Write out only the lines from the line containing "Foundational beliefs must" to the end of the listing below, both included, exactly as they stand. Drop the pictures.
Start of DATASET CONTENT
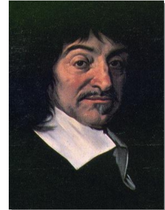
Rene Descartes (1596-1650)

Foundational beliefs must be absolutely certain, self-evident, incorrigible, “immune from error.”
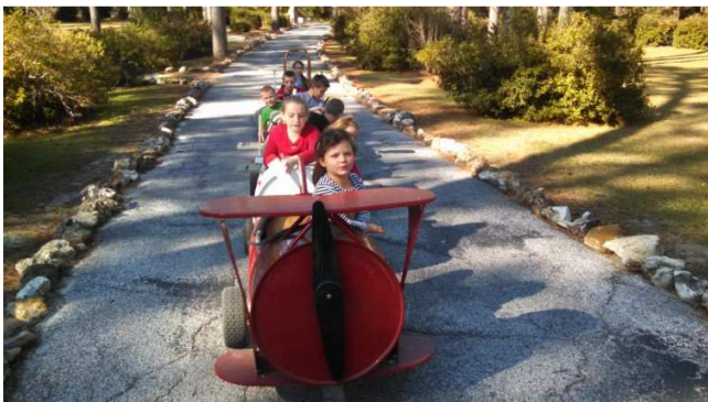
A view down the line..
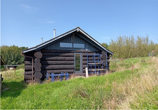
Gable End View Of Cabin
End of DATASET CONTENT
_YOUR RESPONSE:_
Foundational beliefs must be absolutely certain, self-evident, incorrigible, “immune from error.”
A view down the line..
Gable End View Of Cabin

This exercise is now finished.